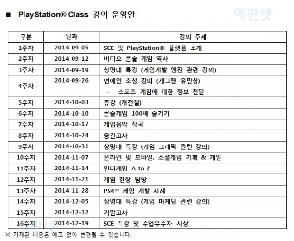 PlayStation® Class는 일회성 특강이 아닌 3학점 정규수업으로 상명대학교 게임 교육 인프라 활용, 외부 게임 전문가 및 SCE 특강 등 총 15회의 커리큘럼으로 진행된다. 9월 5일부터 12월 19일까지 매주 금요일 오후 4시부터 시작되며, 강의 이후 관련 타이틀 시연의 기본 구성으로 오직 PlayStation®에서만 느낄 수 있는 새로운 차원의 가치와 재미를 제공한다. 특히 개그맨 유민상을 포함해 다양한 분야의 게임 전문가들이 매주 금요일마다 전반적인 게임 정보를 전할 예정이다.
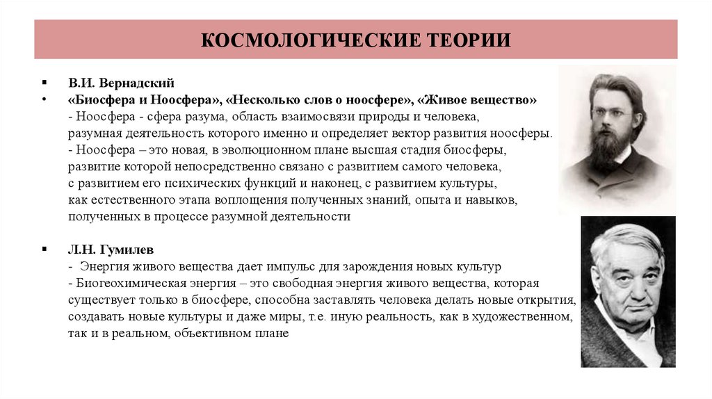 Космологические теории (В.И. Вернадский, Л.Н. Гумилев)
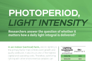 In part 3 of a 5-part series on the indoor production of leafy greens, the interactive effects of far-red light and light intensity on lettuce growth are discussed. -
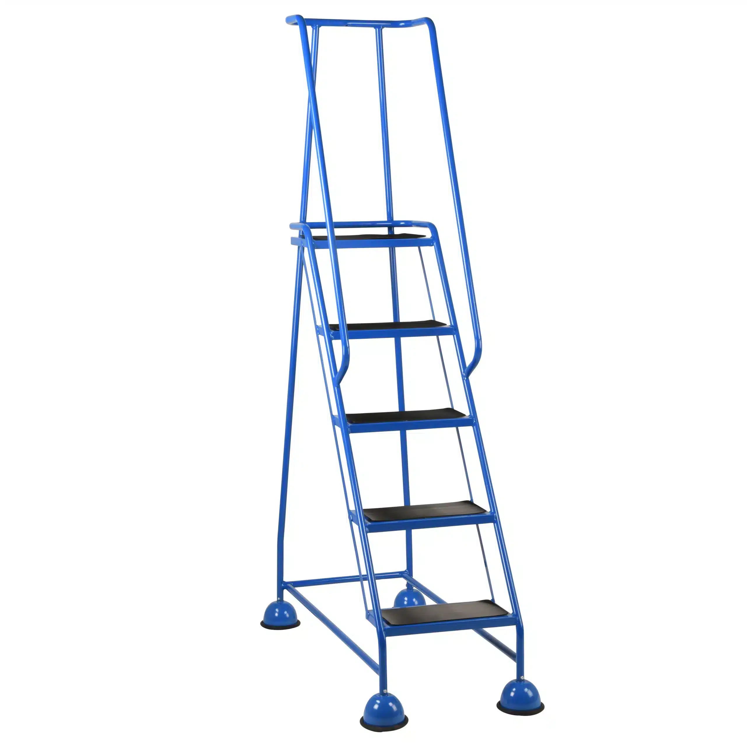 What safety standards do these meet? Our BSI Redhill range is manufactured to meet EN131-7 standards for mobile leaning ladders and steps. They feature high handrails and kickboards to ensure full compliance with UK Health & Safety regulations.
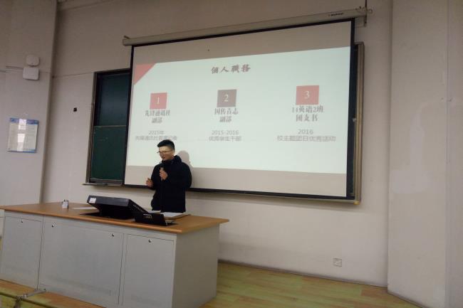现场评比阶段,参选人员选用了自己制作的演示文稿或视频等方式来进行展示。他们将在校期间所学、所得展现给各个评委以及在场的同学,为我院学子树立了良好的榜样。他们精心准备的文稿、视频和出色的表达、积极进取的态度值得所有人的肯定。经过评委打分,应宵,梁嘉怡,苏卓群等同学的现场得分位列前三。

...

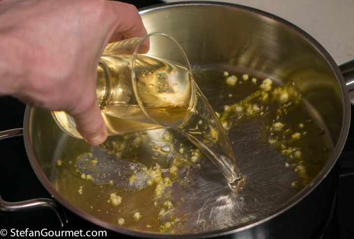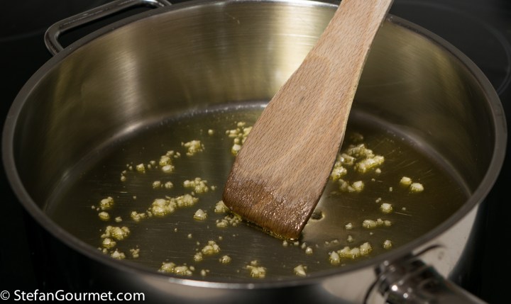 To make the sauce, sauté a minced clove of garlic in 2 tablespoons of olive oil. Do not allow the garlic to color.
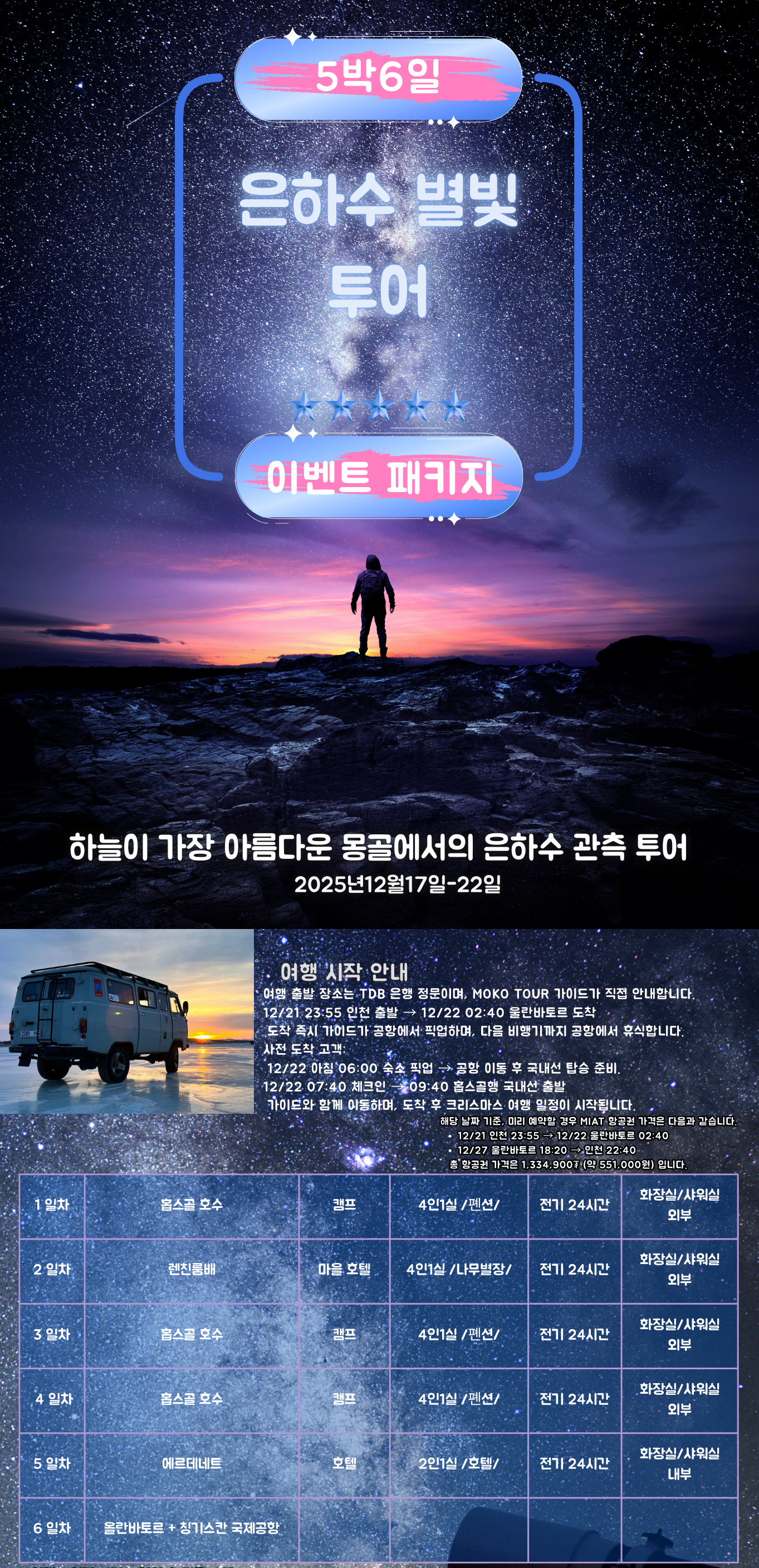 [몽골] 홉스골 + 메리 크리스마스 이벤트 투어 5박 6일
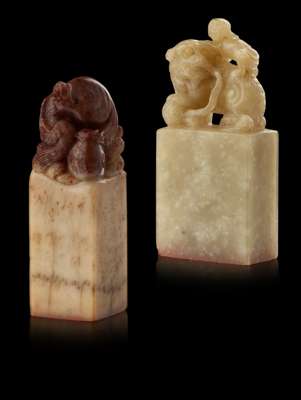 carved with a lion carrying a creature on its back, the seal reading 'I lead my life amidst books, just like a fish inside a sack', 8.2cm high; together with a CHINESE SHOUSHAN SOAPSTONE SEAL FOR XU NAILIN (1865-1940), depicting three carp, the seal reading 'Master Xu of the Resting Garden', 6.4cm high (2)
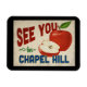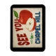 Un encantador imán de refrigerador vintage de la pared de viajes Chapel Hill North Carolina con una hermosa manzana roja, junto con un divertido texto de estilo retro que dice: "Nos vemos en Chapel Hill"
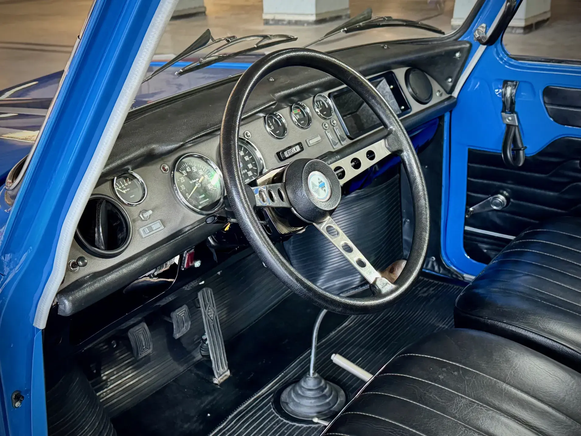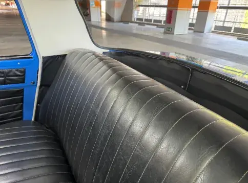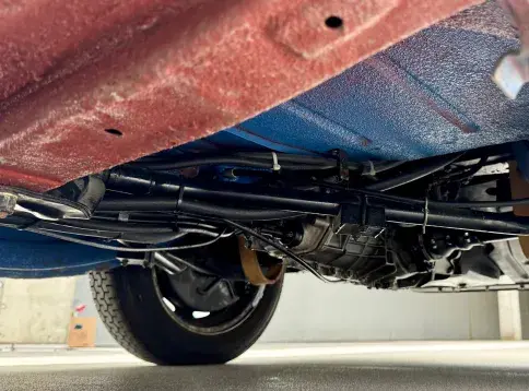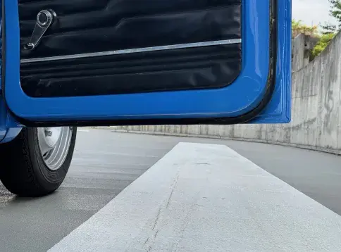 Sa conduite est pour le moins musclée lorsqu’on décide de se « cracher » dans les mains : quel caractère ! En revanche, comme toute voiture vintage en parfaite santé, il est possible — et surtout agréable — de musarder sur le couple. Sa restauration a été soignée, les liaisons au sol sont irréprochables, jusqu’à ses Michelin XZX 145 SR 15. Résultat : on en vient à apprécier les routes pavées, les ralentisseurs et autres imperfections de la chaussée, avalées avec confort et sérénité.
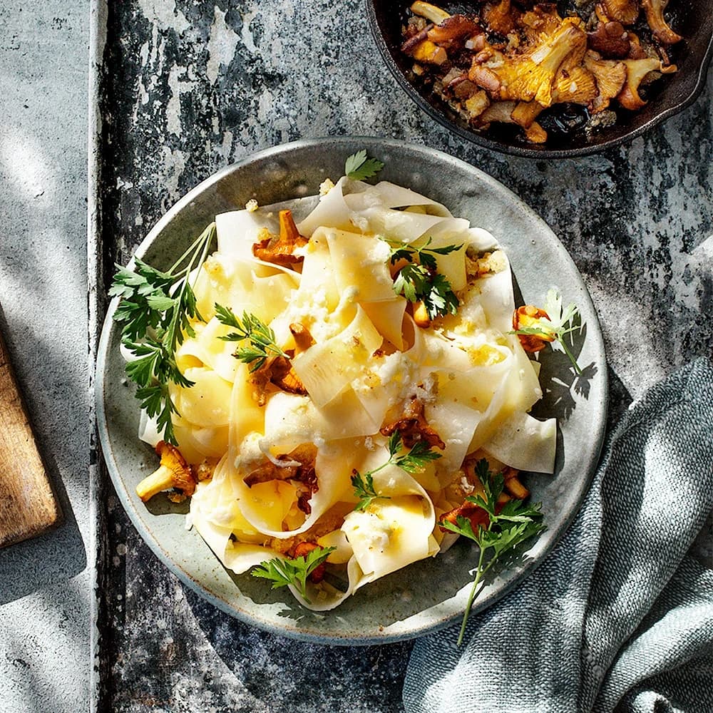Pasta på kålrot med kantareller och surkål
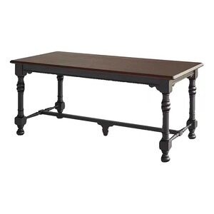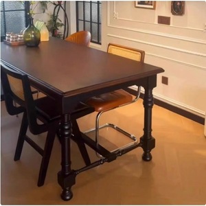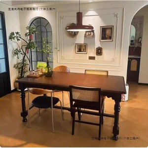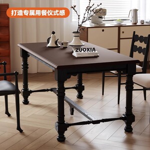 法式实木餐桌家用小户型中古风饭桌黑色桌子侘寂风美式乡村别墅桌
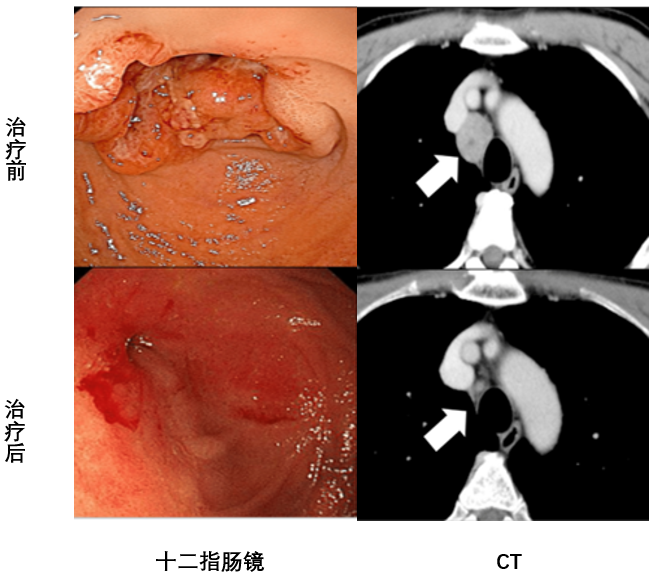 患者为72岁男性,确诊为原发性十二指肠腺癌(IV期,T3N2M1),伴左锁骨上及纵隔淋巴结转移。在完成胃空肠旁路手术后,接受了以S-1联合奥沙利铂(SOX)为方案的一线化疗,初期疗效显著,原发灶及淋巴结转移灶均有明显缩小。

* * *

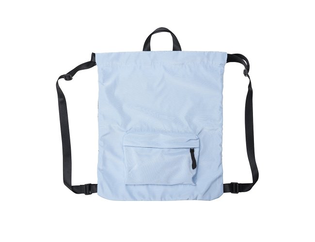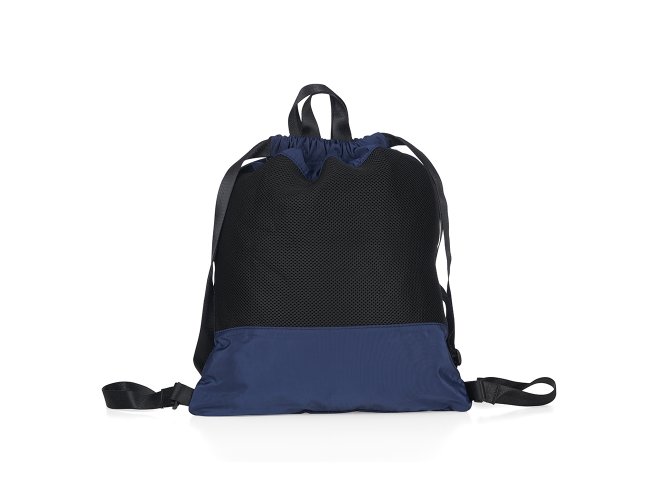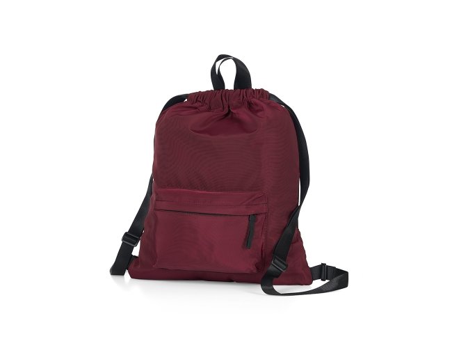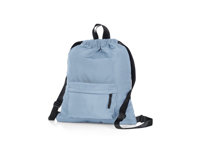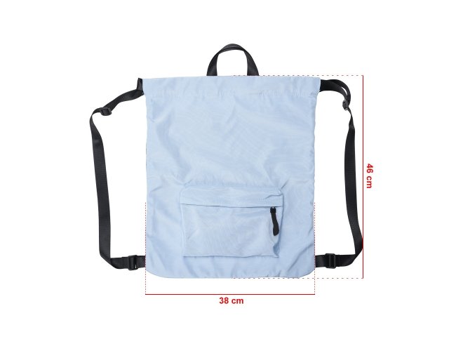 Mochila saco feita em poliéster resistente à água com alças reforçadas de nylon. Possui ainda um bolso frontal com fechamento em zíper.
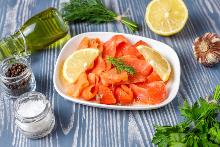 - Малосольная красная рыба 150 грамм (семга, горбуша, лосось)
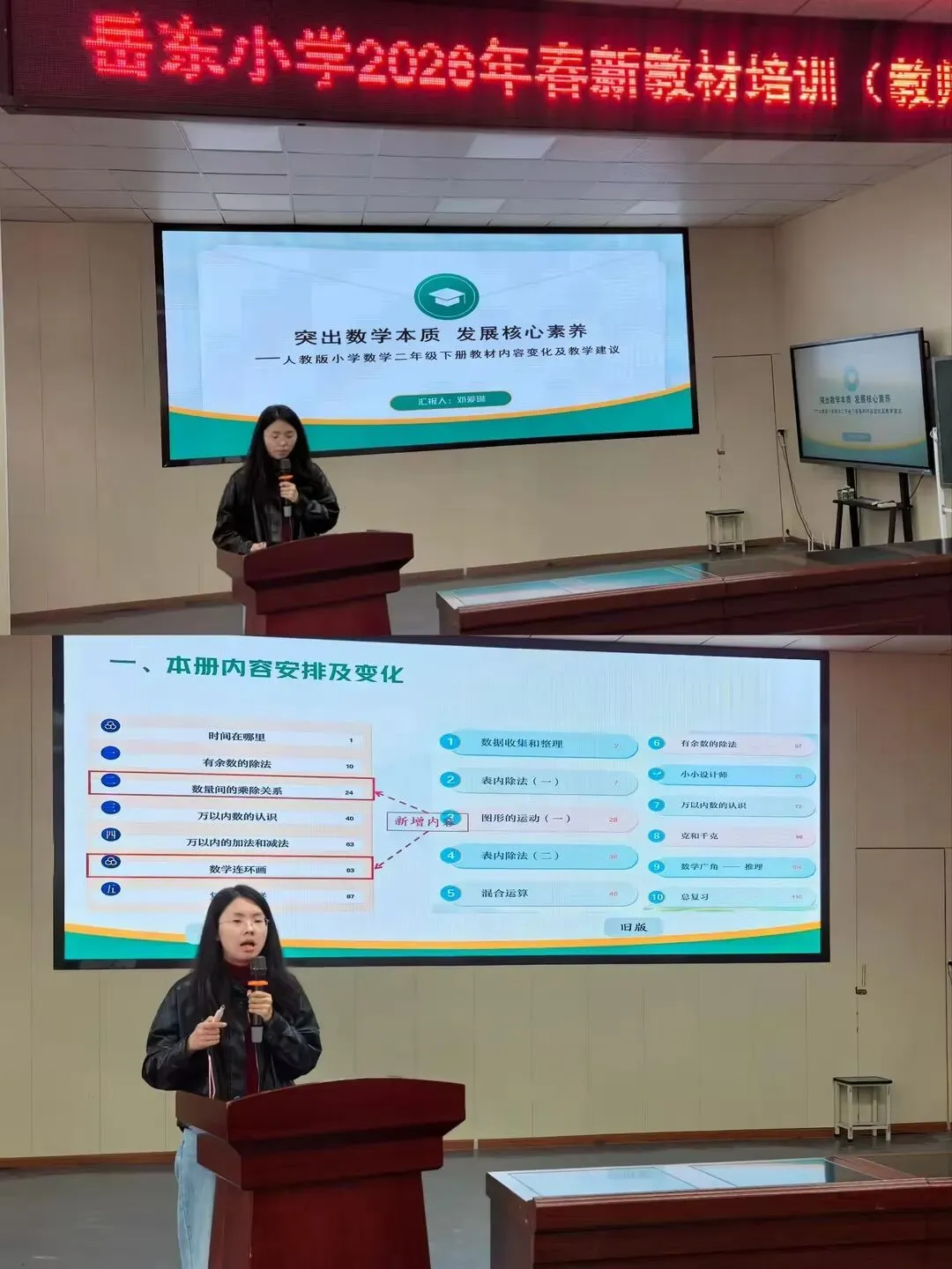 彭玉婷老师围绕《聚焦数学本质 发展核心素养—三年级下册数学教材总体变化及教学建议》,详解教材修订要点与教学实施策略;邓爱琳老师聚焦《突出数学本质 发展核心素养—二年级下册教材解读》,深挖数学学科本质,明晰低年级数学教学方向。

WHAT YOU ARE ASKED TO DO:
Above are the records. Copy only the lines from the one with "What safety standards" through the one with "现场评比阶段,参选人员选用了", exactly, with no pictures.

EXERCISE RESPONSE:
 What safety standards do these meet? Our BSI Redhill range is manufactured to meet EN131-7 standards for mobile leaning ladders and steps. They feature high handrails and kickboards to ensure full compliance with UK Health & Safety regulations.
现场评比阶段,参选人员选用了自己制作的演示文稿或视频等方式来进行展示。他们将在校期间所学、所得展现给各个评委以及在场的同学,为我院学子树立了良好的榜样。他们精心准备的文稿、视频和出色的表达、积极进取的态度值得所有人的肯定。经过评委打分,应宵,梁嘉怡,苏卓群等同学的现场得分位列前三。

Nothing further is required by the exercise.